◆ What the task requires ◆
Skipping all pictures, please restate word for word the lines from the one that contains "위 표는 ShuffleNet과" through the last line of the entries.

[Records excerpted from a collection]
____
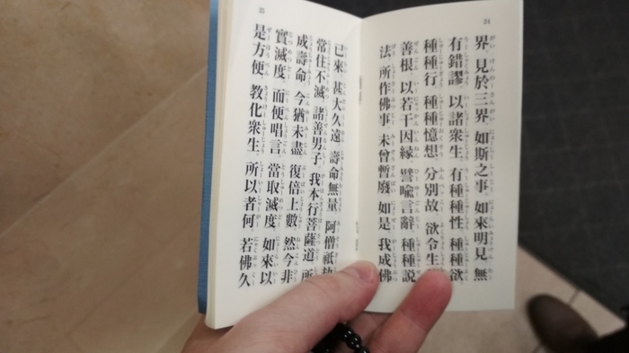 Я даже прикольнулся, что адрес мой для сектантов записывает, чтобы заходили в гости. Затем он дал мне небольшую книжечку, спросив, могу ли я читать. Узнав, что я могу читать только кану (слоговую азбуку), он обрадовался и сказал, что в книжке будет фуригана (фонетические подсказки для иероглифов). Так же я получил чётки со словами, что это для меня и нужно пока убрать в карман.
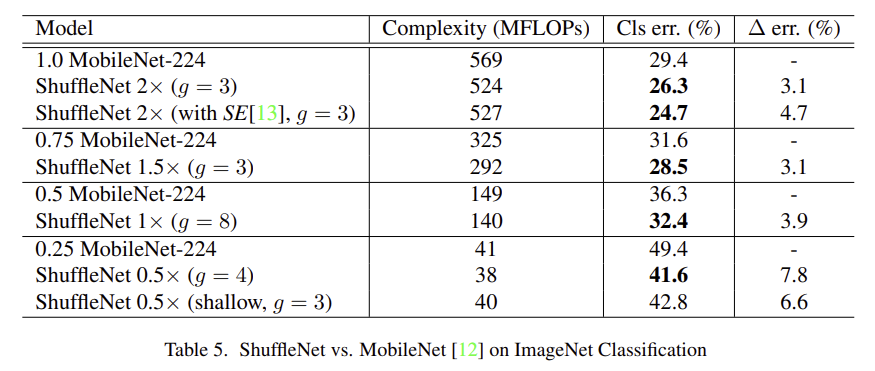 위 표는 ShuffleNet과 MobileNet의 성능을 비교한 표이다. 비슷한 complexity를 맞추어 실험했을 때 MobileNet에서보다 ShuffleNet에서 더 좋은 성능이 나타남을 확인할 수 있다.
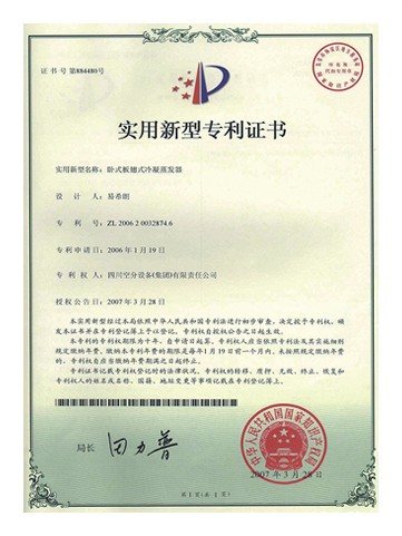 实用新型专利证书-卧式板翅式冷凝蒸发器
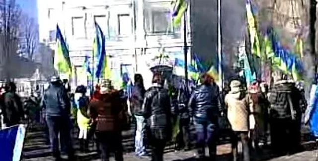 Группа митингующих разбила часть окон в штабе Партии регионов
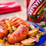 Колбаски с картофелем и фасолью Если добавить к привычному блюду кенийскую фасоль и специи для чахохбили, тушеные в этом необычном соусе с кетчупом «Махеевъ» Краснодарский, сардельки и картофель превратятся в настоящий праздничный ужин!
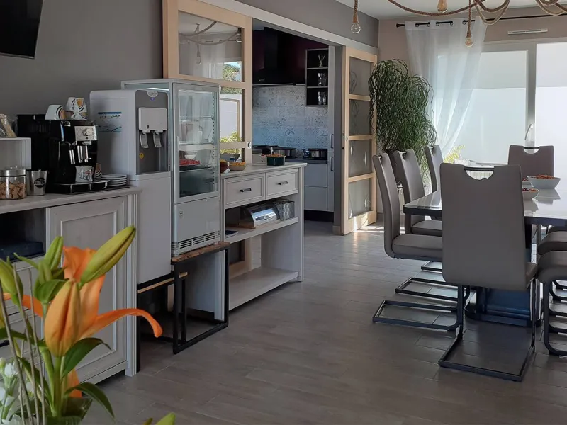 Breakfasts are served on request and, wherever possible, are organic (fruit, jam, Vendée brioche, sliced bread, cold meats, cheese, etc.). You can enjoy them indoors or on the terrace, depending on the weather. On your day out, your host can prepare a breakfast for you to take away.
____
◆ Result of the exercise ◆
 위 표는 ShuffleNet과 MobileNet의 성능을 비교한 표이다. 비슷한 complexity를 맞추어 실험했을 때 MobileNet에서보다 ShuffleNet에서 더 좋은 성능이 나타남을 확인할 수 있다.
 实用新型专利证书-卧式板翅式冷凝蒸发器
 Группа митингующих разбила часть окон в штабе Партии регионов
 Колбаски с картофелем и фасолью Если добавить к привычному блюду кенийскую фасоль и специи для чахохбили, тушеные в этом необычном соусе с кетчупом «Махеевъ» Краснодарский, сардельки и картофель превратятся в настоящий праздничный ужин!
 Breakfasts are served on request and, wherever possible, are organic (fruit, jam, Vendée brioche, sliced bread, cold meats, cheese, etc.). You can enjoy them indoors or on the terrace, depending on the weather. On your day out, your host can prepare a breakfast for you to take away.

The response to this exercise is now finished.